Our new production of Drowning the Innocence has sparked a new research venture, a collaboration between Cambridge University Literature, and Birmingham.
The trigger and beyond: occupying and addressing states of psychopathology in the theatre
Stimulated by _underscore’s exploration of theatrical fantasy through the Pierrot, this research project is interested in how different modes of theatricalization may enable an expression of text which affords possibilities for the audience, possibilities which involve experiential engagement with mental health
It looks at the relationship between creative realisation in performance, literary text, and spaces of therapy so contributing to research in English Literature, Psychopathology and artistic excellence in opera.
How do we grow in understanding and awareness and tolerance of mental health conditions that are often comorbid with other diagnostic conditions?
Education is huge.
So too is experience.
In the Pierrot find an experiential encounter with illusion, and the recurring coming down to reality. We invite the audience into the space, a space of beauty and fantasy, in order to experience this journey.
There has been much in recent literature and criticism around ‘trigger warnings’, and the relative duty falling to the creative team in the way they engage with their material. This raises questions of what it is to invite an audience into an artistic ‘safe’ space and where prior-education, perhaps in the form of warnings, shapes the ‘responsibility’ of the audiences encounter with the theatre space.
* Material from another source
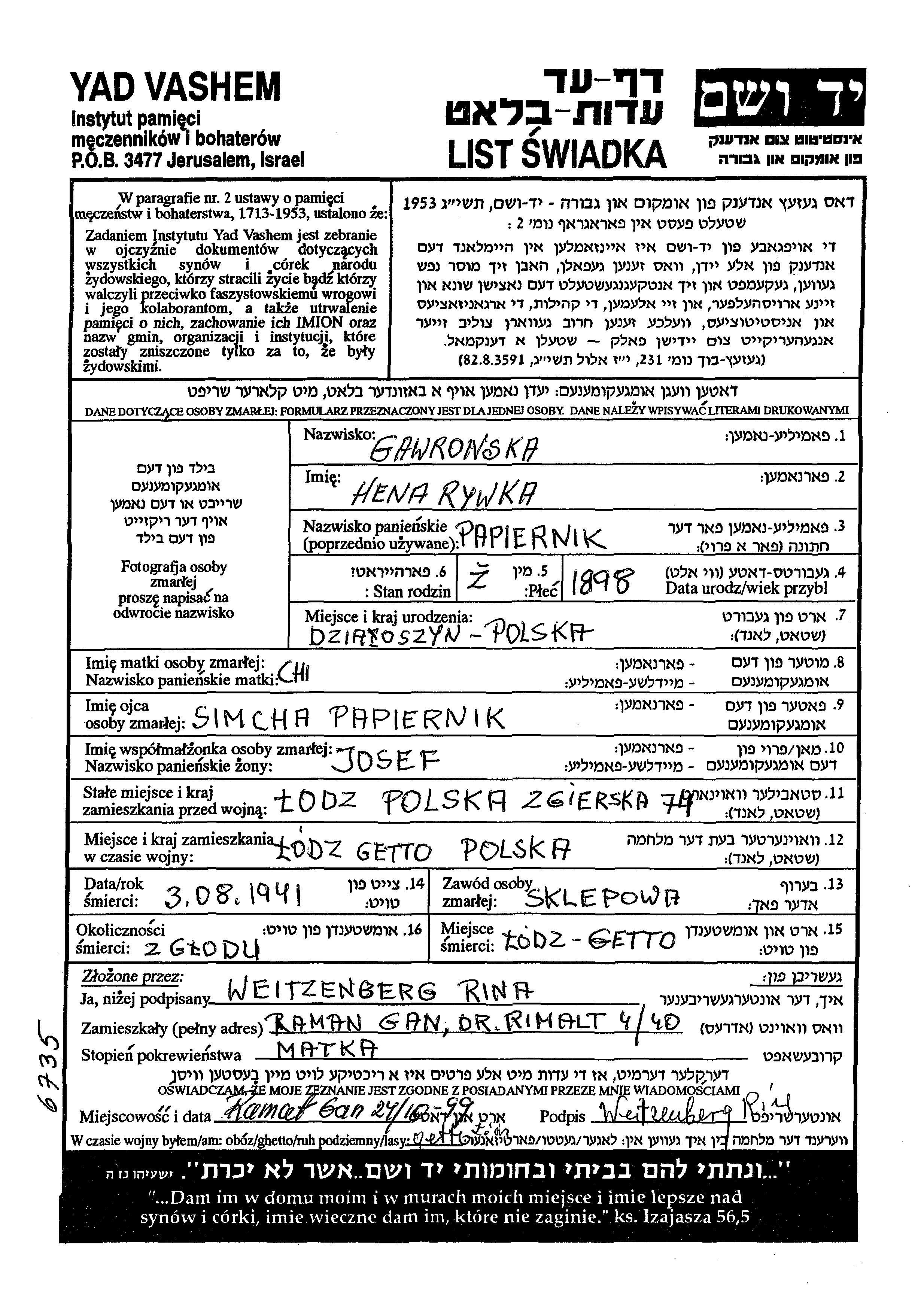 Хена Рывка Гавронска, девичья фамилия Паперник, место рождения: Дзялошин, Польша. Отец: Симха. Владелец / владелица магазина. Женат / замужем. Место жительства до войны: Лодзь, Польша. Место во время войны: Лодзь, Польша.

This research project challenges – not the content – but the terms on which this discussion is being had. By its very nature theatrical form can engage very deeply without harnessing a relationship with their audience even capable of triggering.
Trigger implies both a separatism, and indicates a causality; there needs to be the triggerer (the actor, stagecraft, text) and the triggered (audience recipients).
This research project, and creative exploration of the Pierrot works from the premise that trigger is the wrong word, for it is a matter of cause and effect, where we play in cause and affect.
Partnership between _underscore and Cambridge University English Faculty.